His alarm call comes against the backdrop of yet another bout of tension in the region.

Environmental activists from Azerbaijan are blocking the only road connecting Karabakh to Armenia over suspicions of illegal mining in the area.

According to Yerevan, it is a “road blockade backed by Baku” and Armenian authorities are calling for an intervention by Russian peacekeeping forces stationed in the region. Azerbaijan denies the allegations, pointing out that the protesters have “concerns about illegal Armenian mining activity”.

Tensions started a month ago, after Moscow appointed infamous Russian-Armenian billionaire Ruben Vardanyan, known for the Troika Dialog international money-laundering scandal, as leader of the unrecognised enclave in November.
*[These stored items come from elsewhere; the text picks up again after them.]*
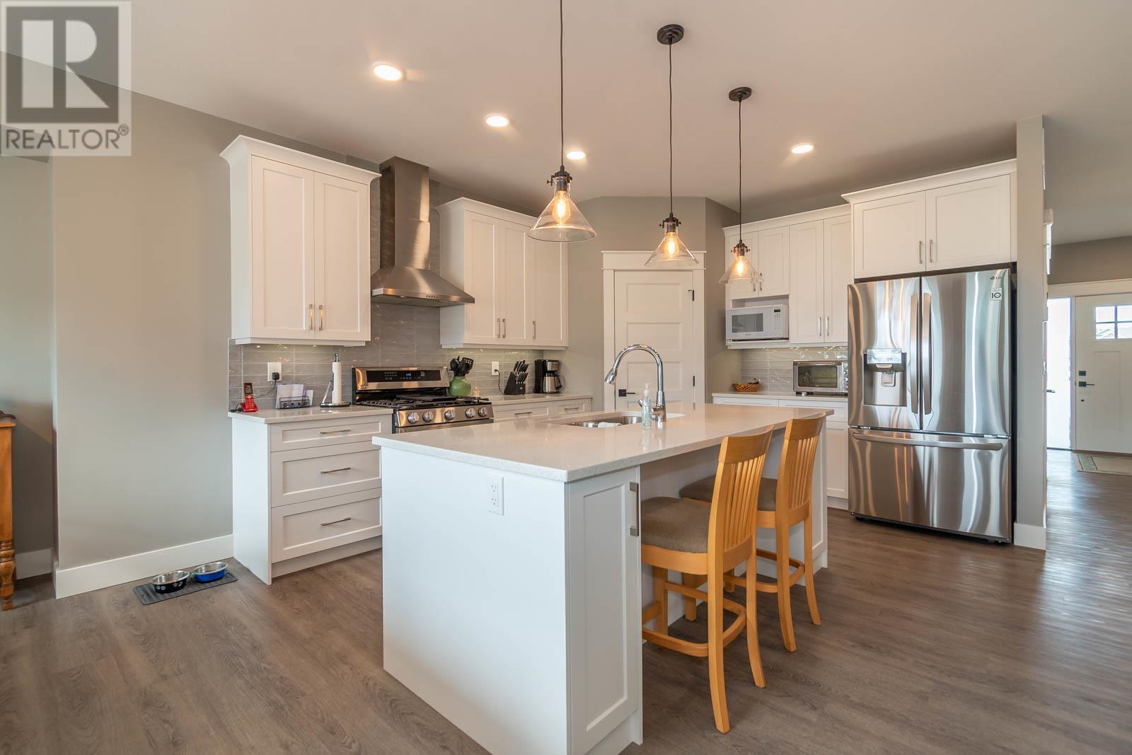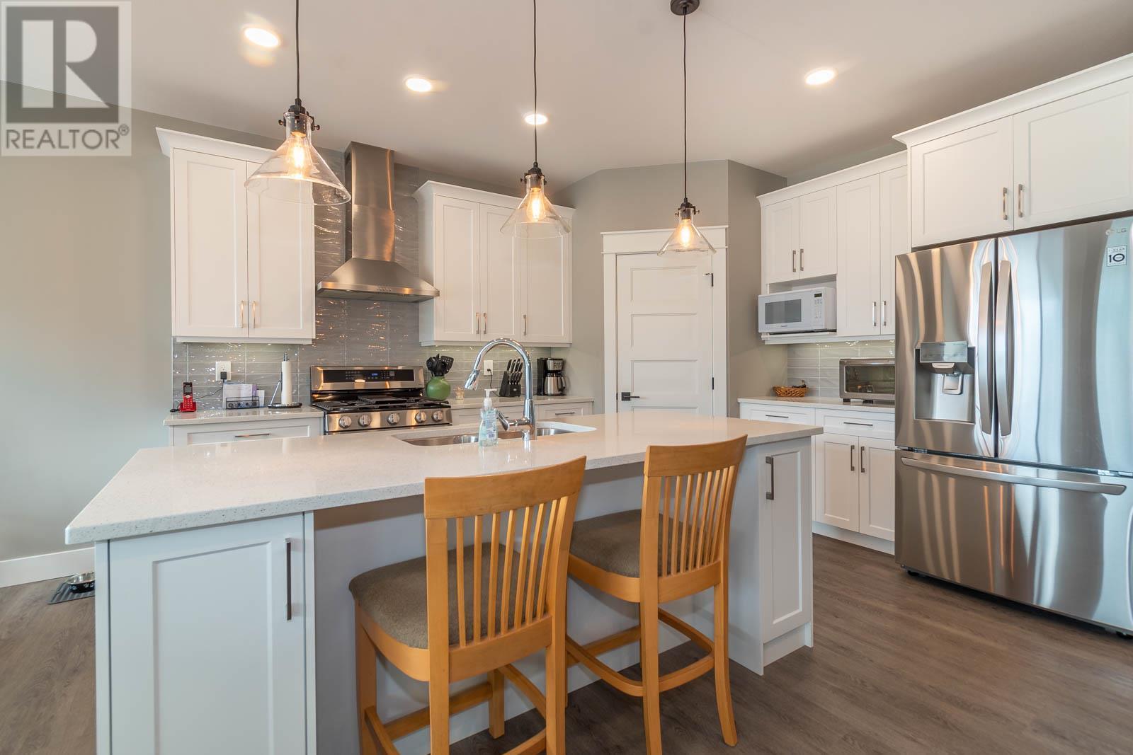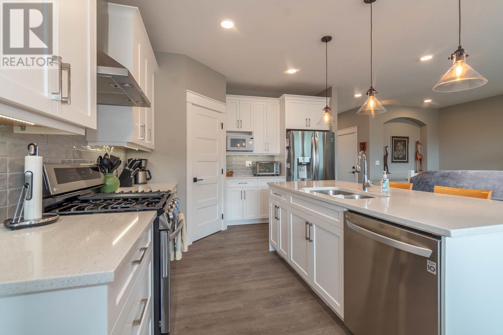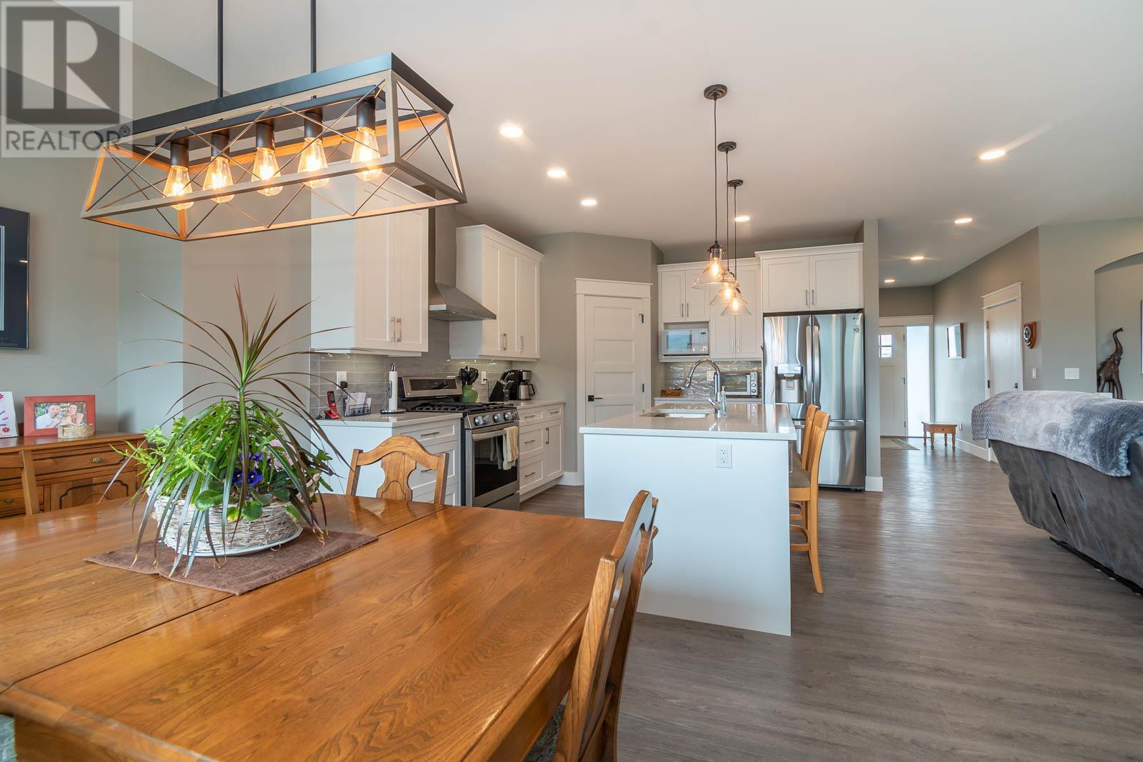 Fabulous Armstrong Rancher home with basement in a quiet, newer subdivision. Well-appointed main floor with a bright open concept floor plan. The gourmet kitchen has quartz counters, island, stainless steel appliances, and gas range. Adjoining the kitchen is the dining room and living room with a cozy natural gas fireplace. Relax in your generous-sized Master bedroom, boasting stunning ensuite with his and her sinks and glass surround shower. The main floor offers a second bedroom/office, second bathroom, laundry, and access to an attached garage. Below is a great place for putting your feet up or perfect as a rec room for the kids. Two nice-sized bedrooms on the lower floor, a full bathroom and tons of storage space. The back yard is fully fenced with a great covered patio. This is an excellent family friendly neighborhood located in Armstrong and only a few minutes to Vernon. Close to schools, town, and Tim Hortons. Nothing to do here but move in and relax. Book your viewing today! (id:22211)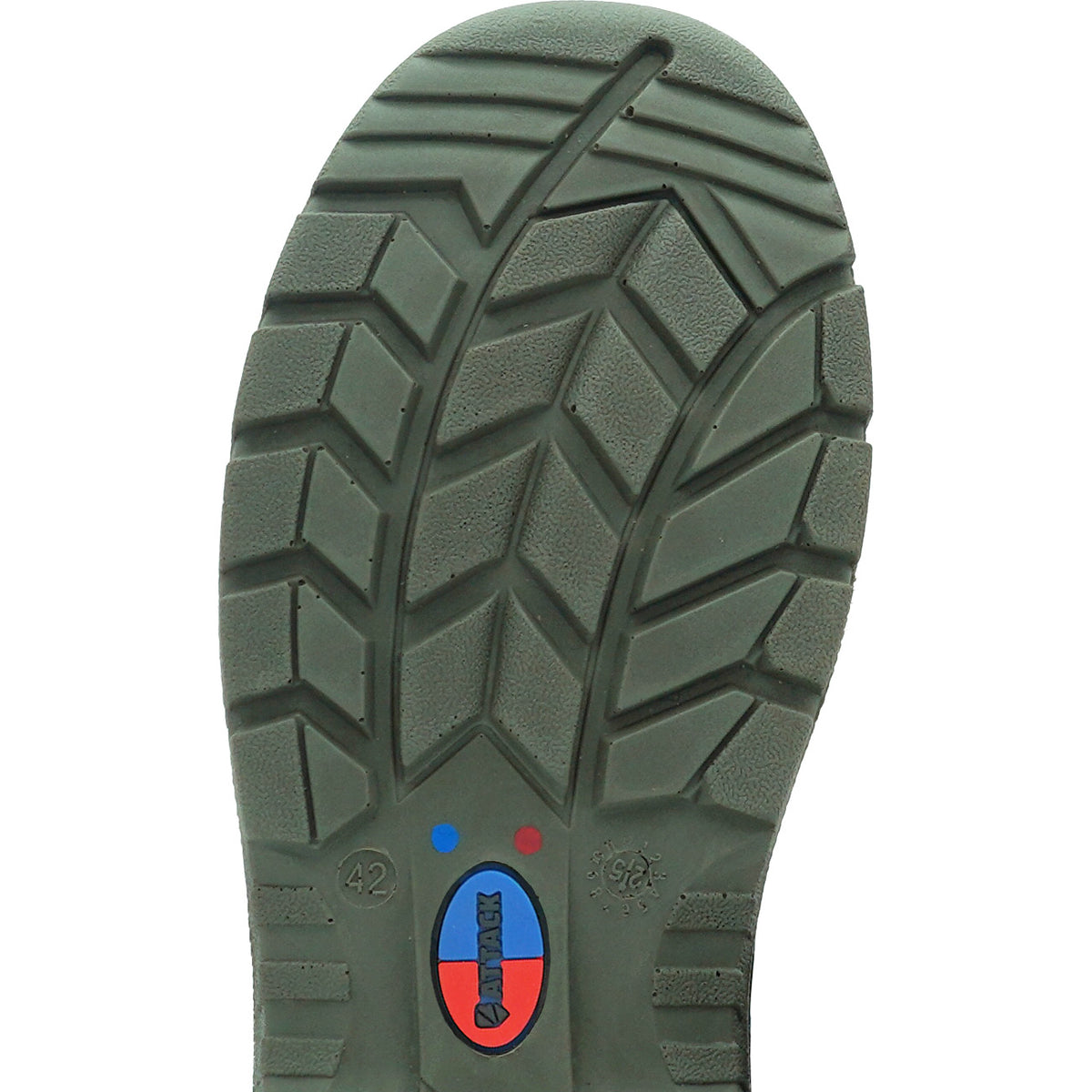 La planta de poliuretano bidensidad proporciona excelente resistencia a hidrocarburos y agentes químicos, junto con absorción de impacto en el talón, mejorando la estabilidad y reduciendo la fatiga durante la jornada laboral.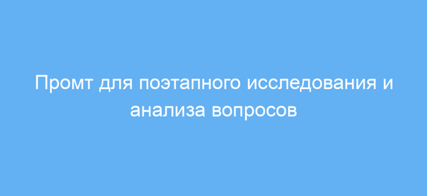 Этот промт позволяет поэтапно и структурировано исследовать любые сложные вопросы, обеспечивая логичный ход анализа и формирование комплексного итога. Он экономит время, помогает глубже понять проблему и принимать обоснованные решения.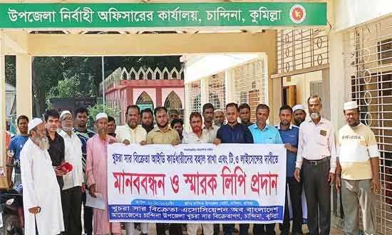 দেশজুড়ে খুচরা সার বিক্রেতাদের লাইসেন্স স্থগিত না করার দাবিতে কুমিল্লার চান্দিনা উপজেলা নির্বাহী অফিসারের কার্যালয় প্রাঙ্গণে মানববন্ধন করে খুচরা সার ব্যবসায়ীরা। খুচরা সার বিক্রেতা এসোসিয়েশন অব বাংলাদেশ -কেএসবিএবি এর চান্দিনা শাখার আয়োজনে ওই মানববন্ধন হয়। পরে তারা কৃষি মন্ত্রণালয়ের সচিব বরাবর স্মারকলিপি প্রদান করেন। চান্দিনা উপজেলা নির্বাহী অফিসার (ইউএনও) মোহাম্মদ আশরাফুল হক এর মাধ্যমে ওই স্মারকলিপি প্রেরণ করা হয়।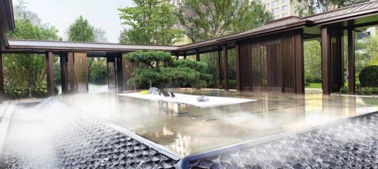 兰溪九章通过“府-庭-园”新中式府院,彰显出中国塔尖阶层的礼仪气度,以百年古城直隶总督府府院文化为根基,以“九章符纹”为核心元素,以大于75%的景观覆盖率,匠造1.2万平米恢宏园林景观,成就“一环、两轴、三进院、九花园”皇家归家礼法,依楼营造“雅、溪、鱼、荷、泉、树、瀑、花、趣”九大园境。三进院落层叠有序,九花园山水交织,府院礼序贯穿其中,从繁华归入静谧,让回家成为一场亲近自然、治愈心灵的旅行。
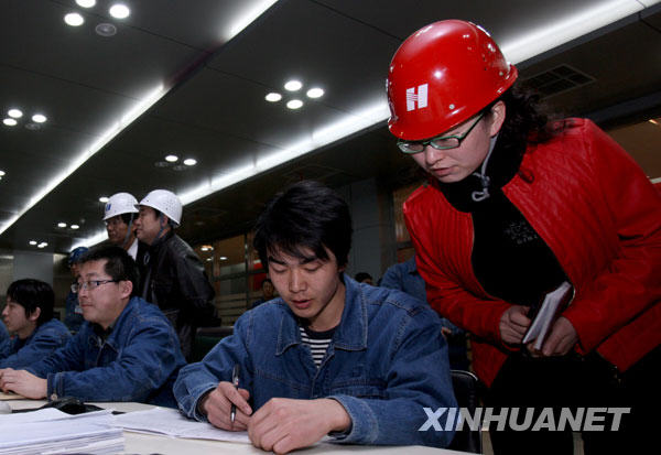全国人大代表毕红珍(右一)在华能平凉发电公司调研(2月25日摄)。新华社记者陈建力、多蕾报道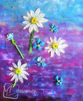 Таким образом, я сделала три ромашки и добавила к ним васильки. Ведь на поле они, обычно, растут рядышком.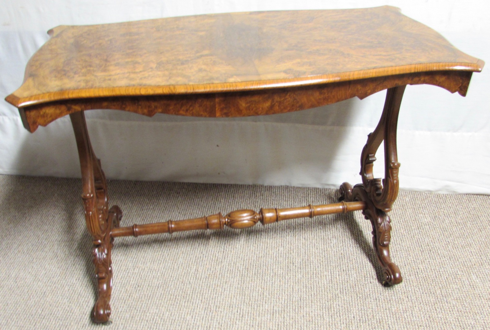 Burr Walnut Victorian Stretcher Table (1 of 1)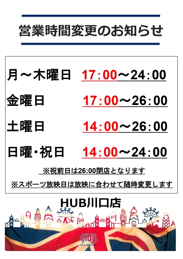 【営業時間変更のお知らせ】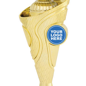 This budget trophy cup offers a refined blend of gold and black, making it a versatile choice for general sports recognition. Crafted from a combination of metal, plastic, and marble, it delivers durability and a professional finish. The trophy features a prominent cup design, a customisable logo area for distinct team or club branding, and a sturdy base suitable for engraving.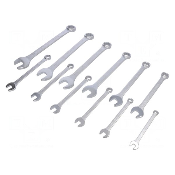 Zestaw zawiera 12 kluczy płasko-oczkowych wykonanych ze stali chromowanej. W skład kompletu wchodzą narzędzia o rozmiarach 8mm, 9mm, 10mm, 11mm, 12mm, 13mm, 14mm, 15mm, 17mm, 19mm, 21mm oraz 22mm.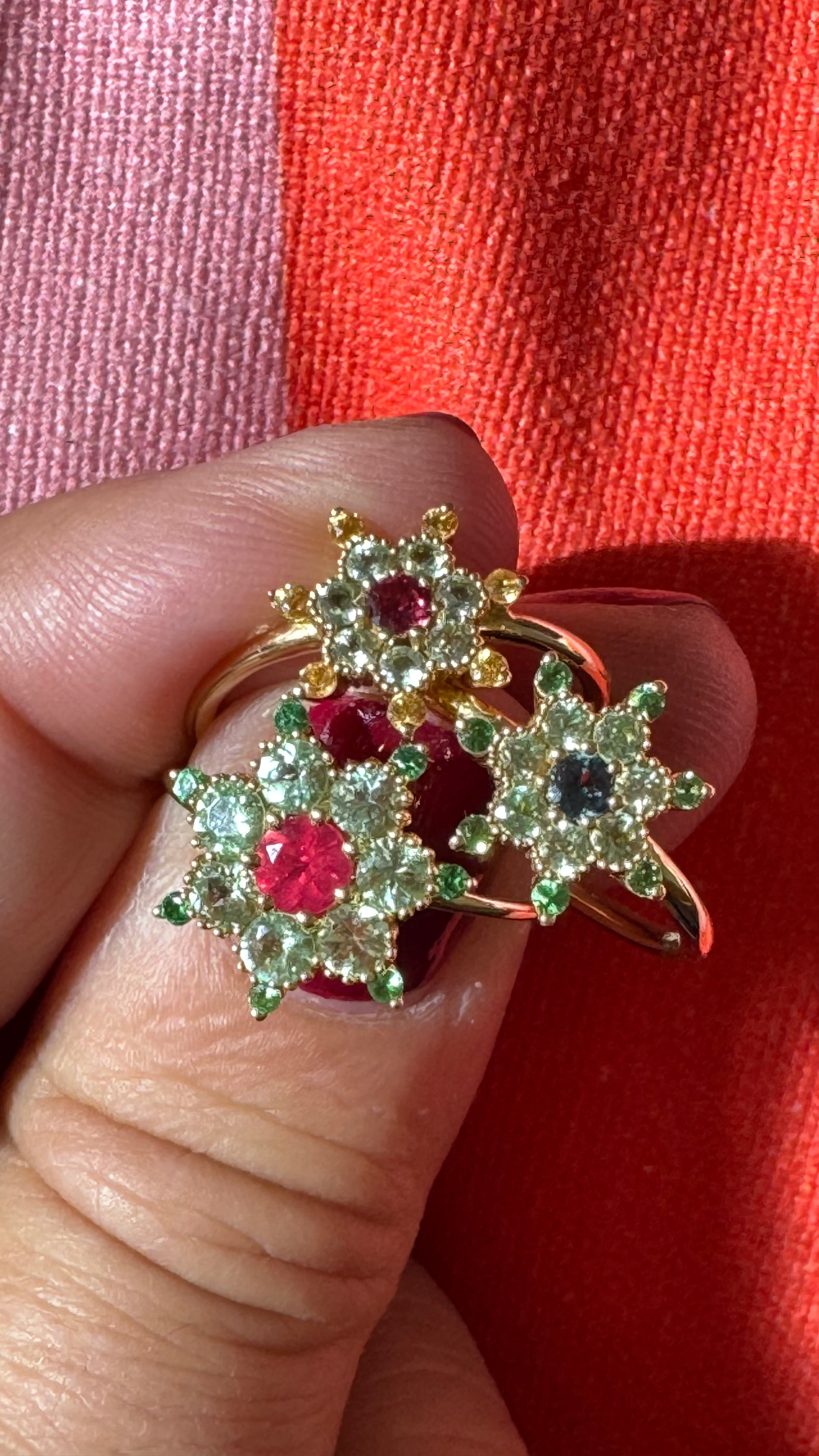 La bague Mimosa est une explosion de lumière et de tendresse, inspirée par les premières fleurs du printemps. Avec ses pierres jaune mimosa éclatantes, son cœur rose vibrant et ses pétales vert tendre, elle évoque la chaleur des jours heureux et la promesse d’un renouveau.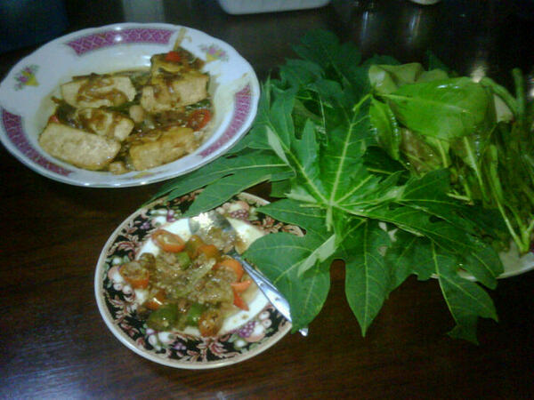 Leni Handayani no Twitter: “Dinner tumis tahu jamur lalap daun pepaya daun jambu mete sambal tauco..mantap gila #FoodCombining @erikarlebang http://t.co/T6qbLeNuJc”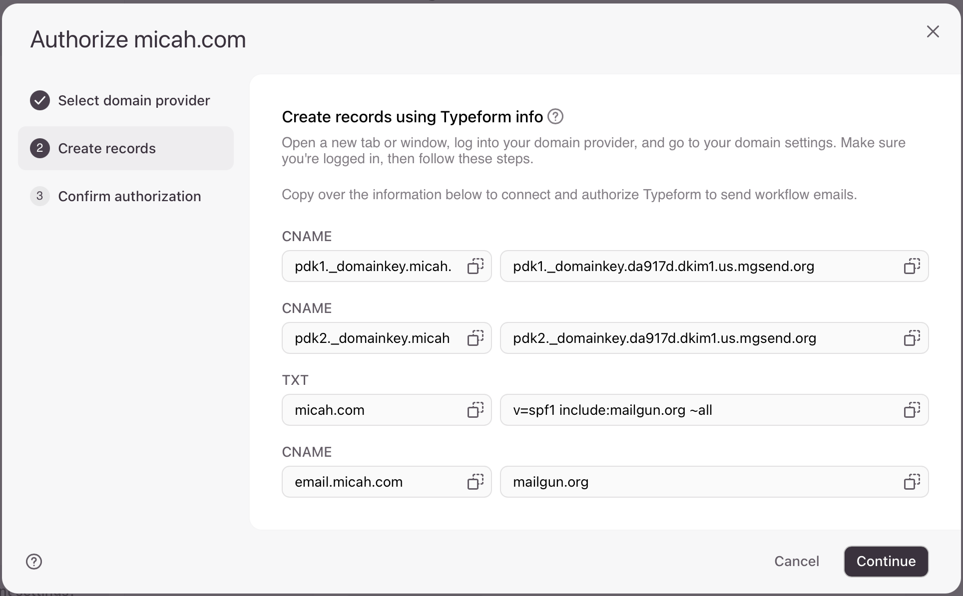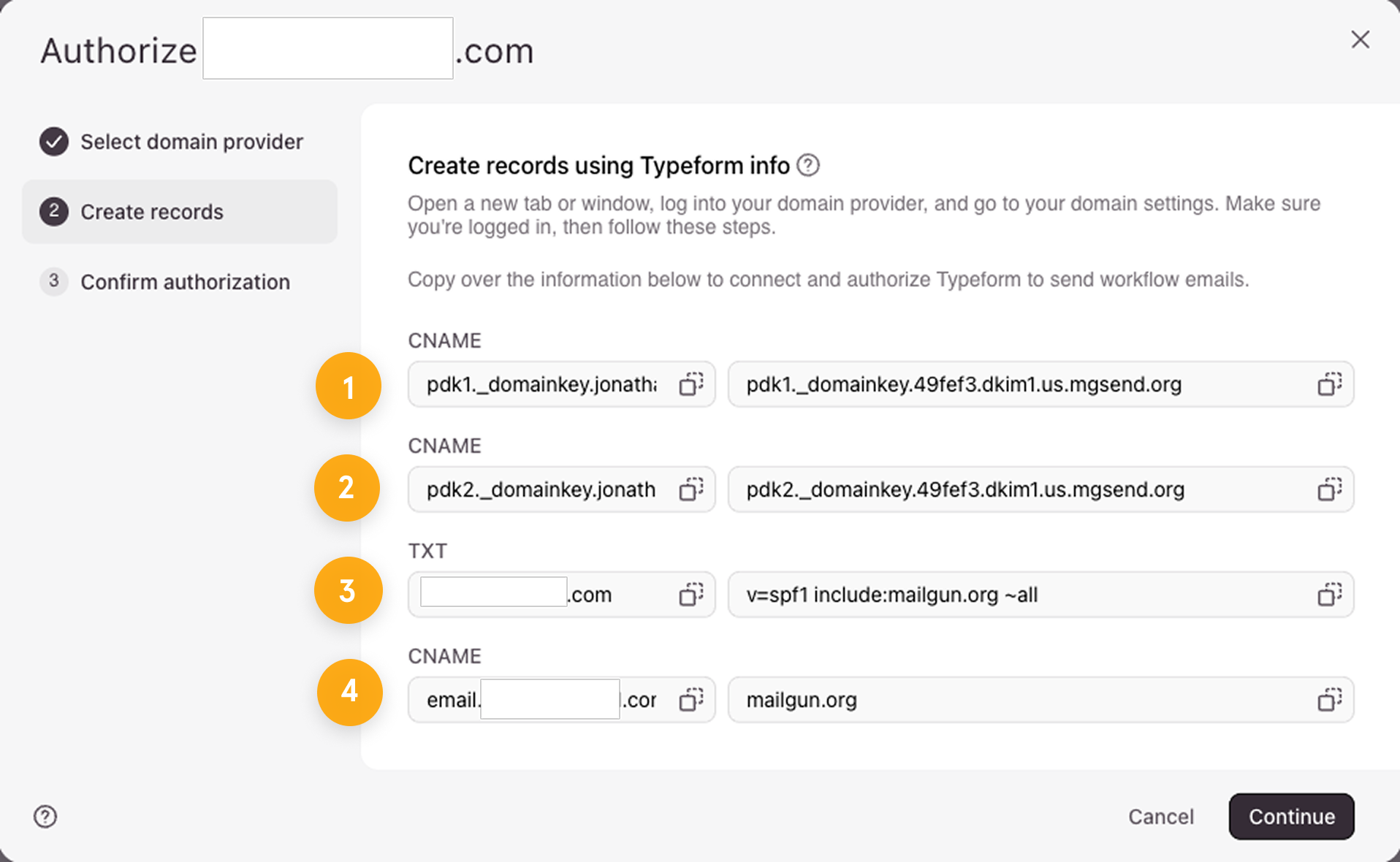 If you are failing to get your domain authorized in Typeform, make the following changes to the data provided from your Typeform account

The territory of the so-called Nagorno-Karabakh Republic (NKR) has practically been under control from Moscow and Yerevan in recent months.

The deepening of the conflict is made obvious by the ever more confrontational and threatening statements of the two opposing sides. “120 000 people are facing a humanitarian catastrophe,” Vardanyan said on December 22 2022 in his address to the Spanish parliament on the subject of the road blockades. According to UN data, however, the people faced with that situation in Karabakh are about 40 000 in number, as over 90 000 Armenians moved to the Armenian Republic when hostilities erupted in the region.

On January 12, Azerbaijan’s president Ilham Aliyev gathered media representatives in Baku and spoke sharply against Yerevan and the NKR, saying Armenians in Karabakh had to “either get Azerbaijani citizenship or leave the country by themselves or on the trucks of the peacekeepers”.

According to Podolyak, Moscow’s numbers for the ethnic Armenians in Karabakh are three times higher than what they actually are. This brings tension to the negotiating table between Yerevan and Baku, who are trying to reach a peace agreement two years after the start of the 2020 war for control over the region.

‘Moscow is trying to pressure Azerbaijan and Turkey’

Podolyak believes that Russian president Vladimir Putin is trying to divert the attention of the international public and the media from what is happening in Ukraine and redirect it to other conflicts.

“The idea is to water down the media agenda in Europe, where the war in Ukraine is on the front pages,” Zelenskyy’s adviser thinks.

He emphasises that the war effort requires key resources and other kinds of aid from the European community: “The emergence of another hotspot on another country’s territory can distract the attention.”

In his view, Russia is trying to resort to that solution by reviving the Karabakh crisis.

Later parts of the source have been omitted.